DICING WITH PROCEDURAL DEATH
The position is set out simply, and graphically, in the judgment of Mr Justice Stuart-Smith in Lincolnshire County Council v Mouchel Business Services Ltd & Anor  EWHC 352 (TCC)
“Where a party issues protective proceedings hard up against the expiry of the limitation period, it is expected to pursue those proceedings promptly and effectively; and if it subsequently seeks and obtains orders extending time for the service of the Claim Form or Particulars of Claim without notice to the other party, it dices with procedural death. These simple propositions should be known to all professionals conducting litigation. They were established long before the recent reforms of the Civil Procedure Rules.”
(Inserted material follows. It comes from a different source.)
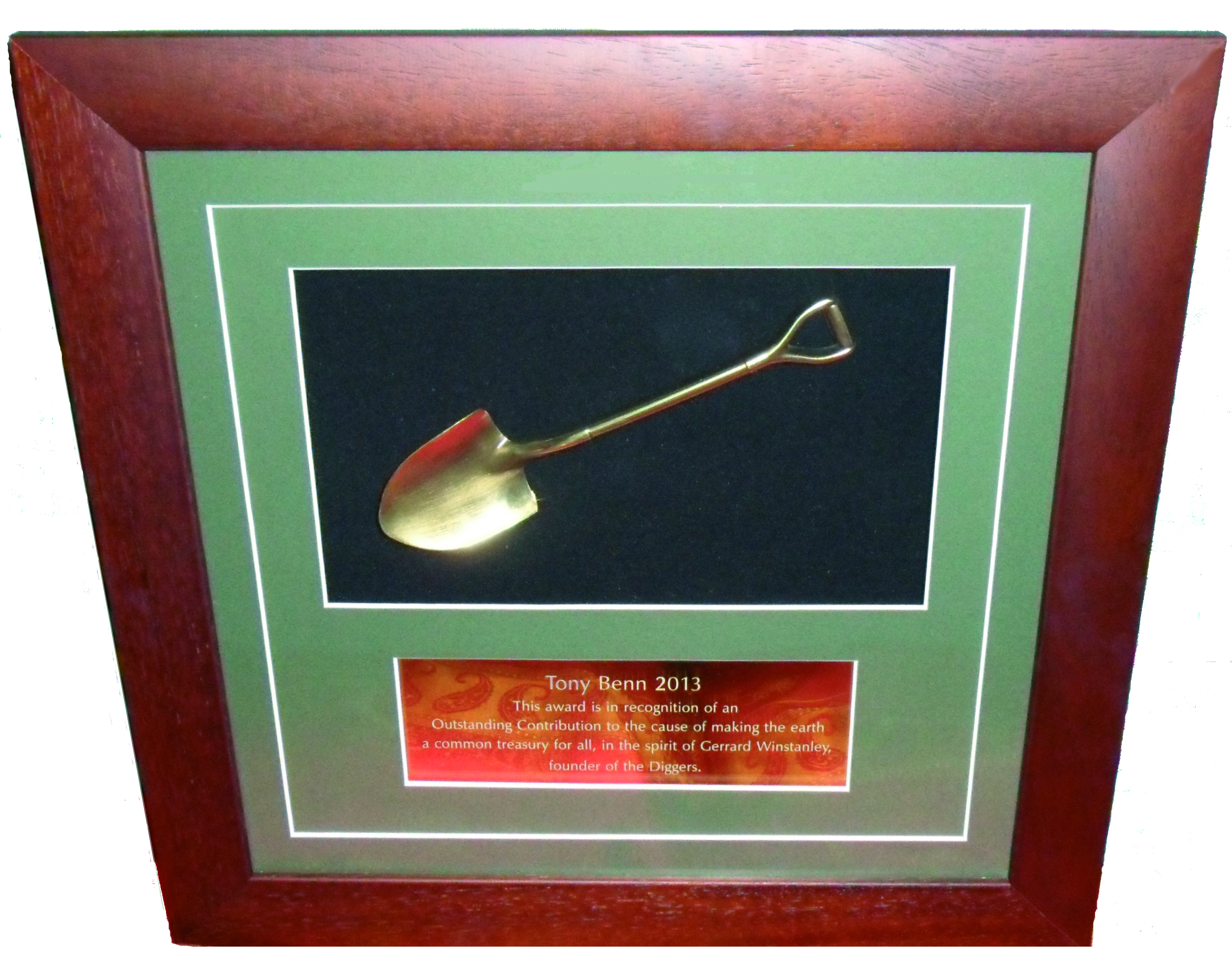After discussing a number of possibilities including a ‘Star of Winstanley’ medal, we finally agreed on the obvious, and something wholly in keeping with Gerrard Winstanley’s digging activities in Surrey and elsewhere, in the shape of small brass spade, mounted along with an engraved plaque in a framed display case (see above left).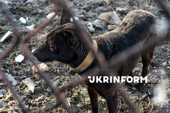Пес із закривавленим оком, пошкодженим внаслідок російської дронової атаки, селище Олександрівка, Одеська область, 21 січня 2026 року.

AND THE LESSON FOR DEFENDANTS – IS AN OBVIOUS ONE: USE PART 11
The fact that two out of three defendants got this basic issue wrong is not a great surprise. This kind of mistake is one I see often in my own practice. In fact even the third defendant in took an unnecessary chance it is reported that it made an application to strike out rather than an application under CPR Part 11. There is a risk that making the wrong kind of application could lead to the court finding that the CPR Part 11 has not been followed and the defendant has submitted to the jurisdiction.